Periodontal hastalık(dişeti hastalıkları) nasıl olusur?
Sağlıklı haldeki dişetinde sorunların ortaya cıkmasına ağzımızda yasayan mikroorganizmaların sayılarının artışı sebep olur. Mikroorganizmalar gurubuna dahil olan bakteriler, temizleme-bakım eksikliği ve bunun sonucunda diştası oluşumuna bağlı olarak dişetinde iltihaplanma ve enfeksiyona yol açarlar. Mikroorganizmaların çoğalması birebir vakitte bunların ortama yaydıkları sülfürik gazların da artışına ve ağız kokusuna yol acar. Çoğalan bakteriler dişler üzerinde sinema katmanı olustururlar. Bakteri plağı denilen bu katman şayet diş fırçalama ile temizlenmezse, tükürükte özgür dolaşan minerallerin çökelmesi ile “diştaşı” oluşur ki bunlar dişler üzerinde leke ve renk değişiklikleri ile görsel olarak fark edilebilirler. Diştası oluşumları profesyonel paklık ile giderilmezler ise dişeti iltihabı “gingivitis” ile başlayan dişeti hastalıkları ilerleyerek “periodontitis” meydana gelir. Dişetinde kızarıklık, kanama, şişlik-ödem, diştaşı varlıgı, dişetlerinin çekilmesi ve dişlerde sallanma bulguları periodontal hastalıgın belirtileridir. Ağız bakımındaki yetersizliklerin yanısıra savunma sisteminde aksaklıklar olan şahıslarda, örneğin kanda immünglobülin sayıları az olan bireylerde periodontal hastalıklara yatkınlık vardır. Ayrıyeten diş dizisindeki çapraşıklıklar da temizlenme zahmeti yarattığı için hastalığa yer hazırlar. Bu tip özellikler soyaçekim ile de ilgili olduklarından periodontal hastalıklara yakalanma oranında genetik bir transferden da kelam edebiliriz.

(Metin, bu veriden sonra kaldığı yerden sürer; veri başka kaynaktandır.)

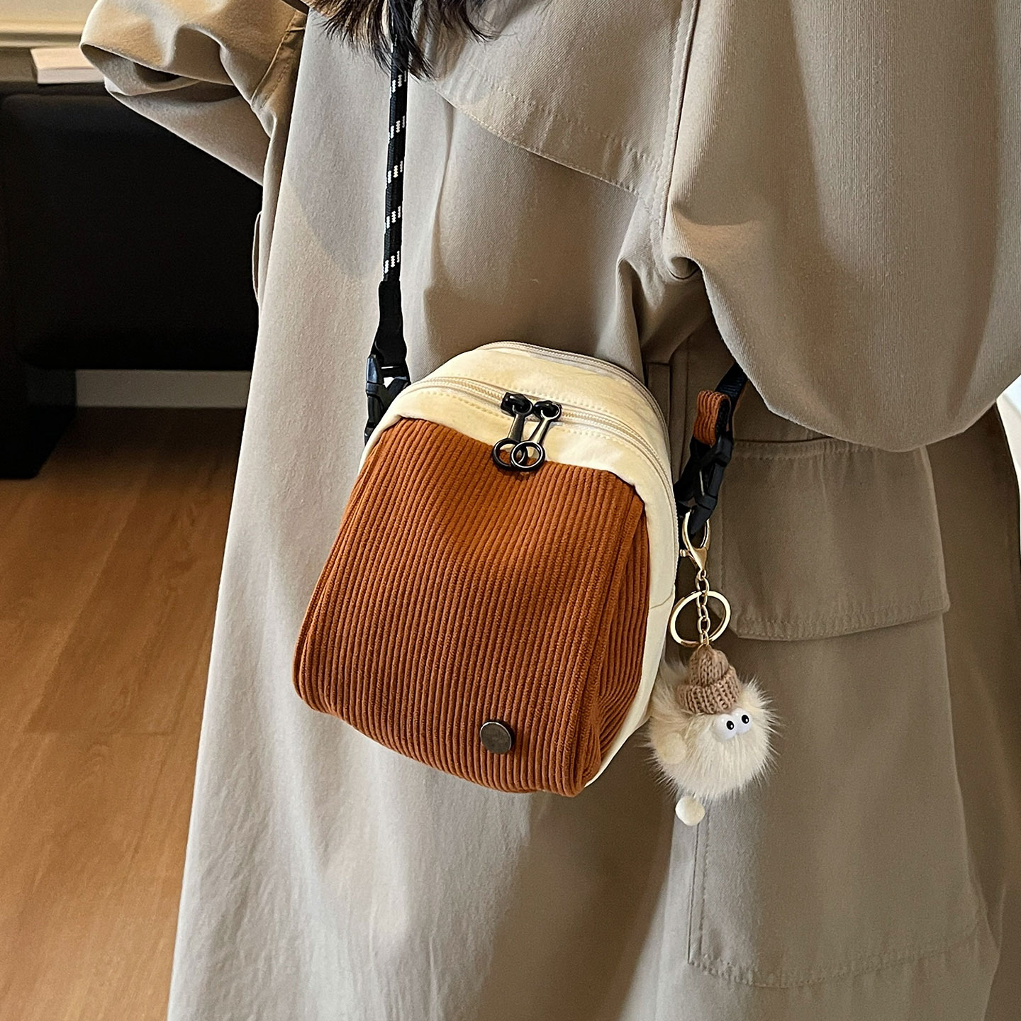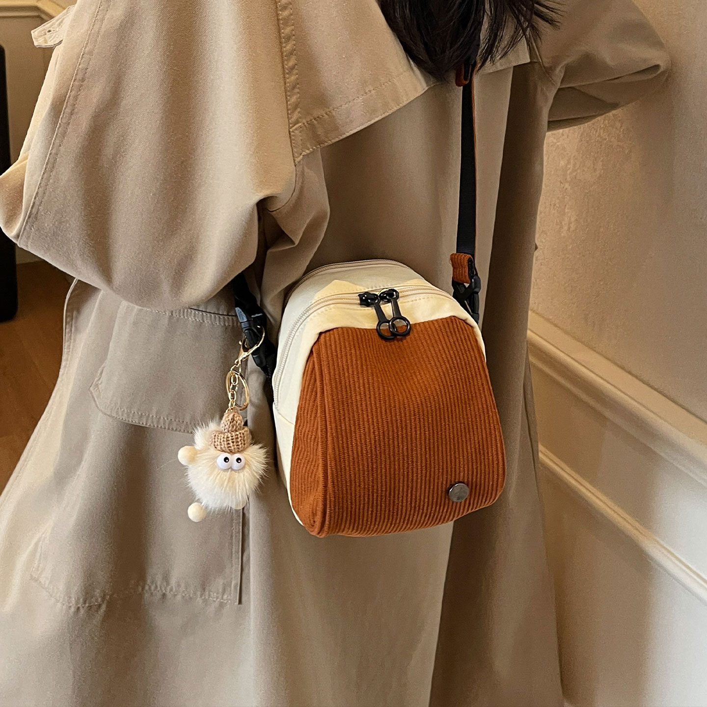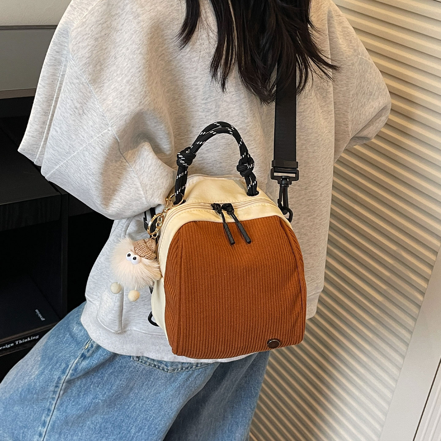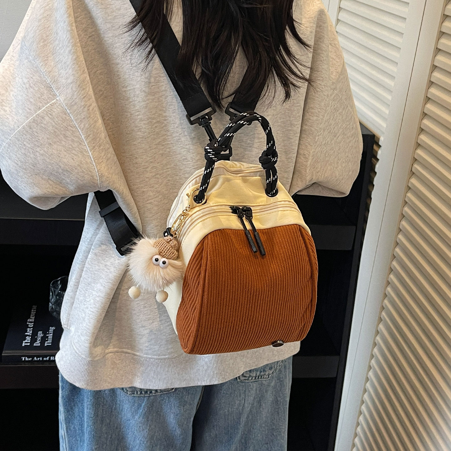 条绒休闲斜挎包女2025新款秋冬时尚多功能双肩背包百搭单肩通勤包
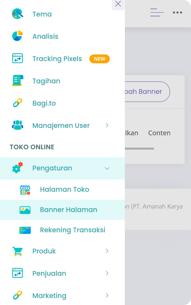 2. Klik “Pengaturan” lalu “Banner Halaman”
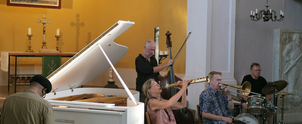 Probe in der Stüler Kirche Peitz am 14. August 2025 in Vorbereitung auf das Konzert „Willi Kellers‘ Adventure in Sonic Freedom“ am 16. August auf der Open Air Bühne am Peitzer Hüttenwerk mit Lotte Anker (sax), Steve Swell (trombone), Pat Thomas (p), Matthias Bauer (bass) und Willi Kellers (drums). UnterWeiter lesen
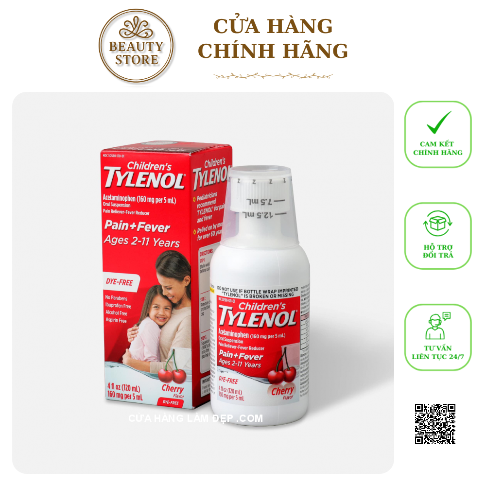 Công Dụng Siro , Cho Trẻ 2-11 Tuổi Children’s Tylenol Pain Fever Vị Cherry:
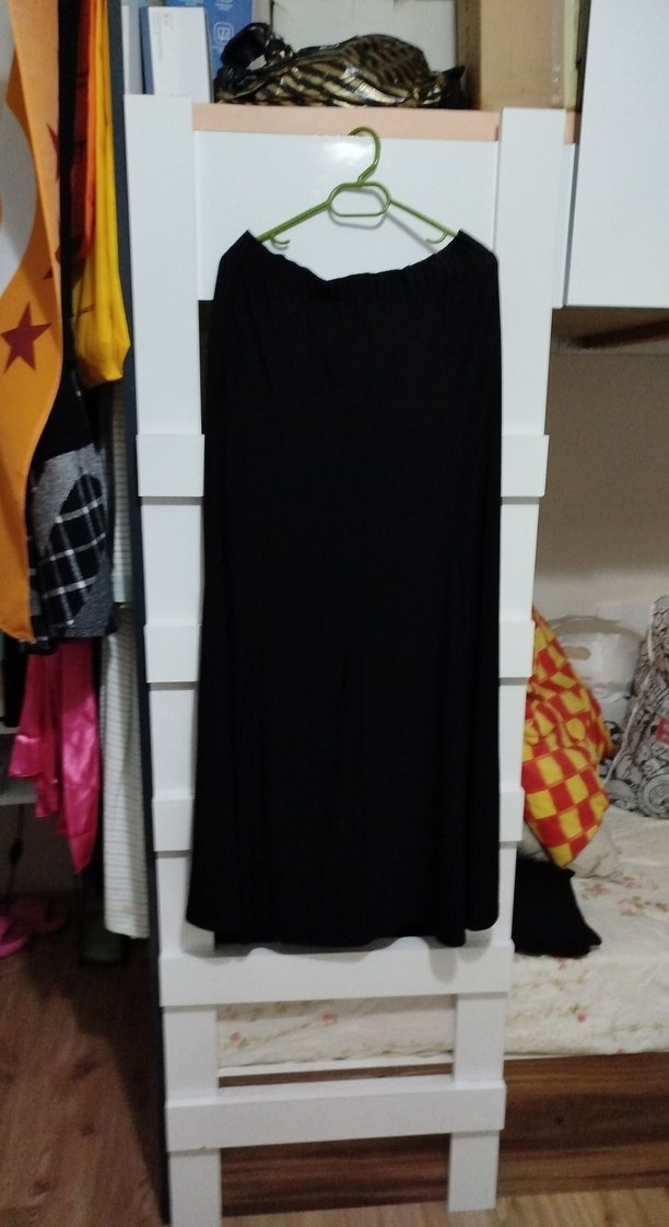 Siyah renkte, sentetik kumaştan yapılmış, uzun ve salaş kesimli drapeli kadın eteği. Minimalist ve gotik tarzda, desensiz, günlük kullanıma uygundur.
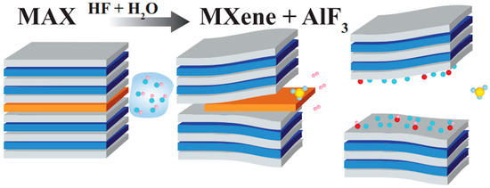 - Naguib, M.; Kurtoglu, M.; Presser, V.; Lu, J.; Niu, J.; Heon, M.; Hultman, L.; Gogotsi, Y.; Barsoum, M.W. Two-Dimensional Nanocrystals Produced by Exfoliation of Ti3AlC2. Adv. Mater. 2011, 23, 4248–4253. [Google Scholar] [CrossRef]
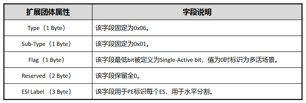 水平分割由所有PE通告携带ESI Label扩展团体属性的Ethernet A-D per ES route实现。
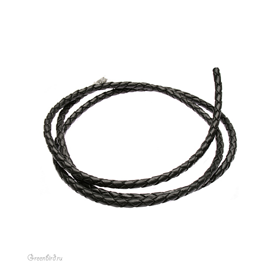 Плетеный шнур, цвет: черный, толщина: 3 мм. Материал: натуральная кожа. Страна: Индия. Цена указана за 1 метр.
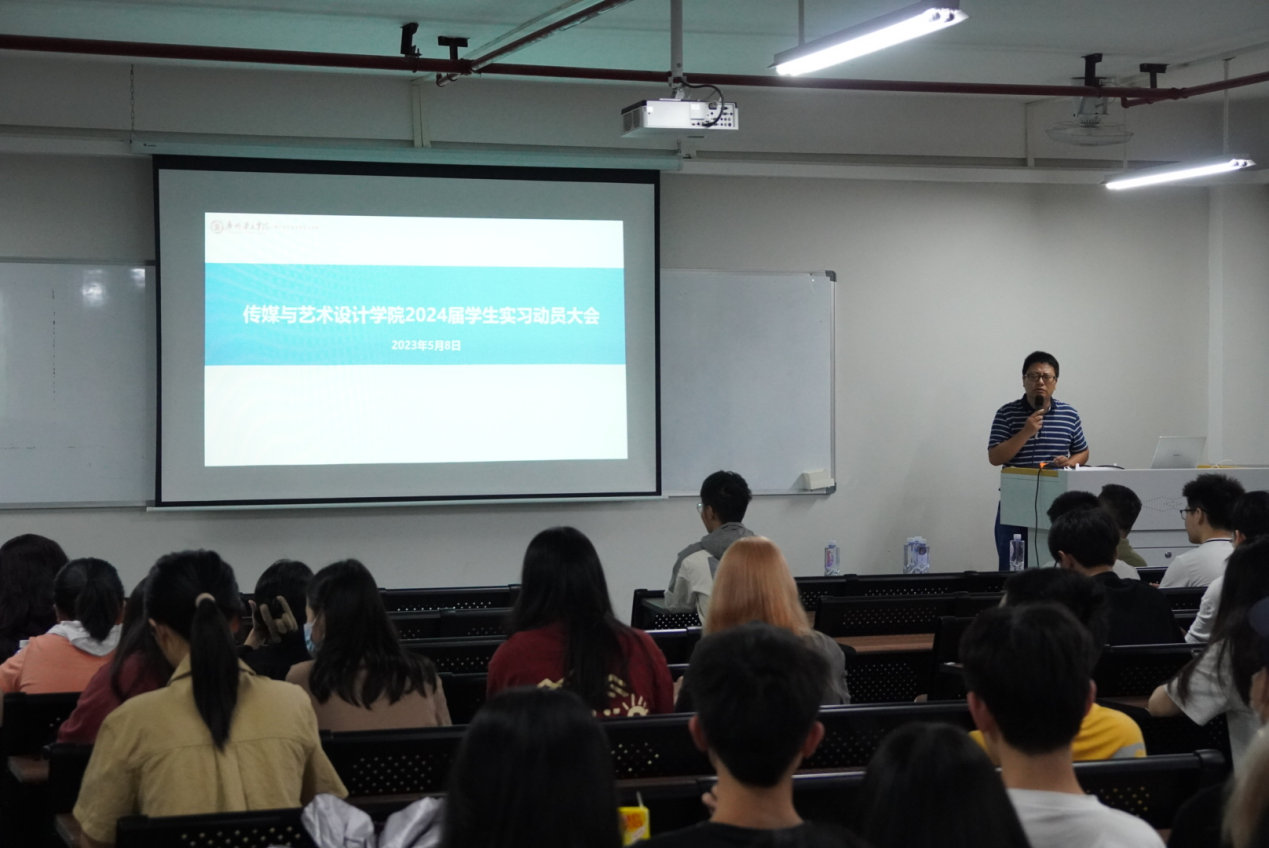 2023年5月8日,传媒与艺术设计学院2024届校外实习动员大会上,副院长王睿向参会学生讲解实习的目的、意义、安排与要求。
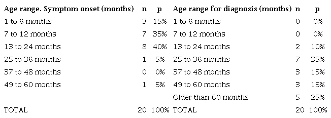 20 patients were included with an age media of 10.5 years, SD 5.48 years. The male to female ratio was 8.5:1.5. The onset age of autistic symptoms, such as social impairment, limited initiation of social interaction and abnormal responses to social overtures, and deficit in verbal and nonverbal social skills, was between 4 and 60 months, with a media of 17.6 months, SD 12.5 months. The median age for the diagnosis of ASD was 53 months, SD 28 m. Table 1.
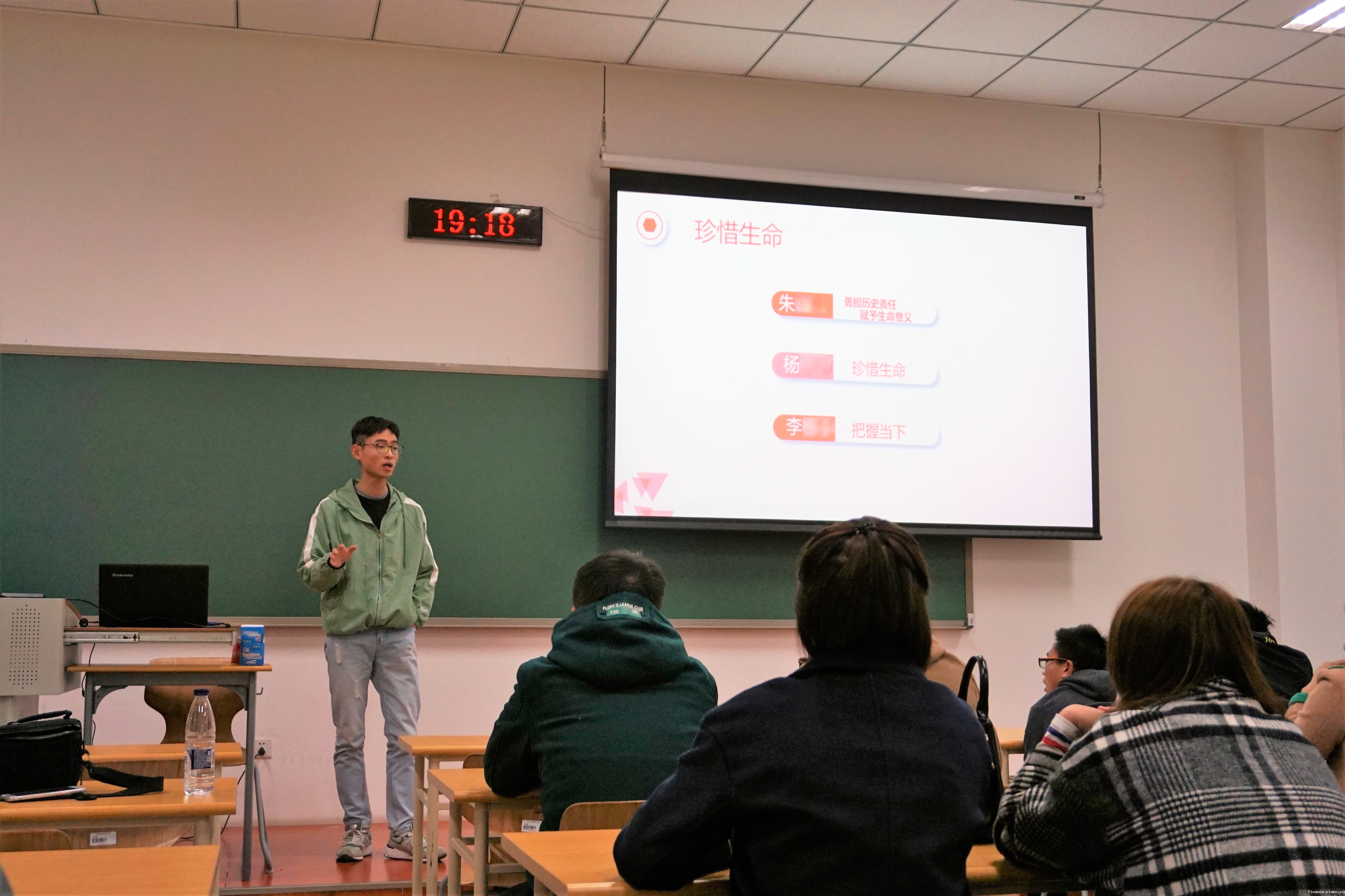 紧接着杨梦柳同学引入当代大学生自杀案例,并解释心理问题是自杀的主因,通过情绪、身体反应、思维方式及社交状况四个方面介绍抑郁倾向,号召大家正确认识心理问题,懂得自救和寻求社会支援,珍惜生命。其后,504班的李栋宇同学积极参与分享,以自身经历告知大家把握当下的重要性。
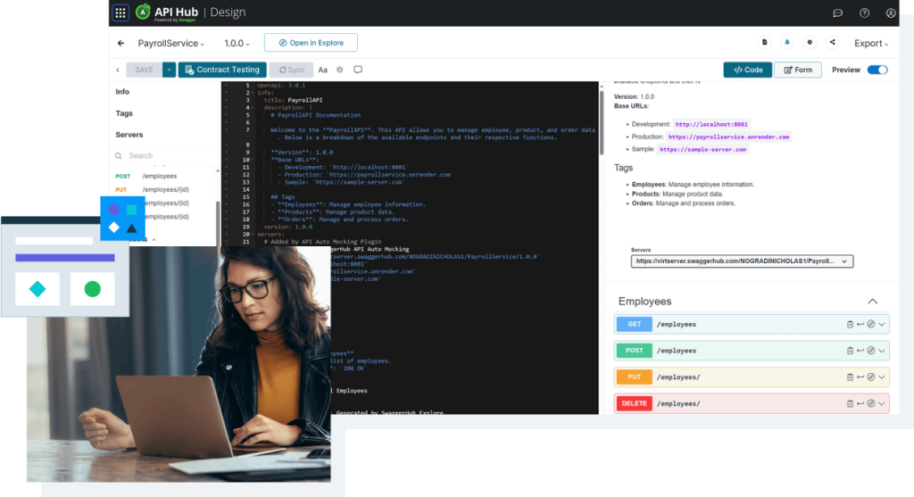 以无缝集成的功能,在规模上提供高质量的 API,这些功能专为设计、文档和测试 API 而构建,无需切换上下文。
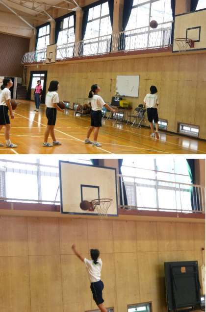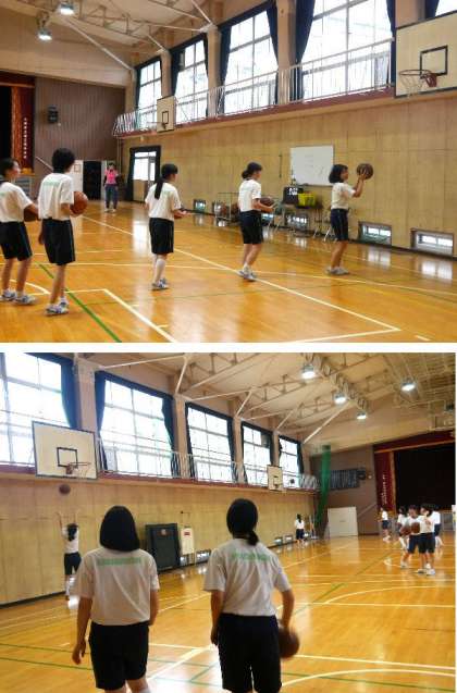 3年生の女子が体育館でバスケットボールのシュート練習です。なかなか入りませんね。むずかしいです。
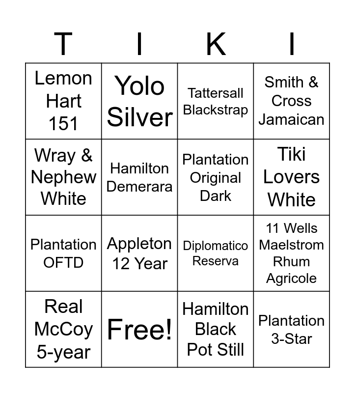 This bingo card has 21 words: Free!, Goslings Black Seal, Yolo Silver, Doctor Bird, Hamilton Black Pot Still, Plantation Original Dark, Lemon Hart 151, Tattersall Blackstrap, Diplomatico Reserva, Tiki Lovers White, Plantation OFTD, Smith & Cross Jamaican, Plantation 3-Star, Malibu Coconut, Hamilton Demerara, Clement Rhum Blanc, Real McCoy 5-year, Appleton 12 Year, Wray & Nephew White, 11 Wells Maelstrom Rhum Agricole and Havana Club Silver.

Ağız-yemek borusu-mide ve bağırsaklar sindirim sistemini oluşturup birbirleri ile alakalı olan her kademede bakteri barındırırlar. Sindirim sistemi bir bütün olduğu için ağızda yapılan periodontal teşebbüslerden sonra tertipli doktor denetimleri ve mesken bakımı yapılmadığı takdirde fırsatçı patojen mikroorganizmalar tekrar ağızı kolonize ederek tahribata devam ederler.Bu nedenle sistemli dişeti tedavisi yaptırmak gereklidir.Başka bir anlatımla her bireyin ağzında değişken oranlarda bakteri, bakteri plağı, diştaşı bulunur ve temizlendikten sonra vakitle tekrar oluşur.Bu özellikten ötürü öncelikle bilinmesi gereken “periodontitis” tipi bakteri kökenli hastalıklarla ömür uzunluğu süren bir gayret vermek gerektiğidir. Öbür bir deyişle periodontitis tedavi edilir ve ağız kondisyonları olağan kurallara döndürülebilir lakin hastalığa yol açan mikroorganizmalar kararlılıklarından vazgeçmezler ve sizin ağız bakımını aksattığınız oranda hastalık tekrar geri döner. Tekrarlama özelliğinden ötürü periodontal hastalık ile çaba beyhude bir süreç olarak değerlendirilip tedavi uygulanmaz ise diş kayıpları kaçınılmazdır.Bilinçli bir gayret ve istikrarlı bir bakım programı ile çok uzun yıllar komplikasyon tekrar etmeden üstesinden gelinebilir.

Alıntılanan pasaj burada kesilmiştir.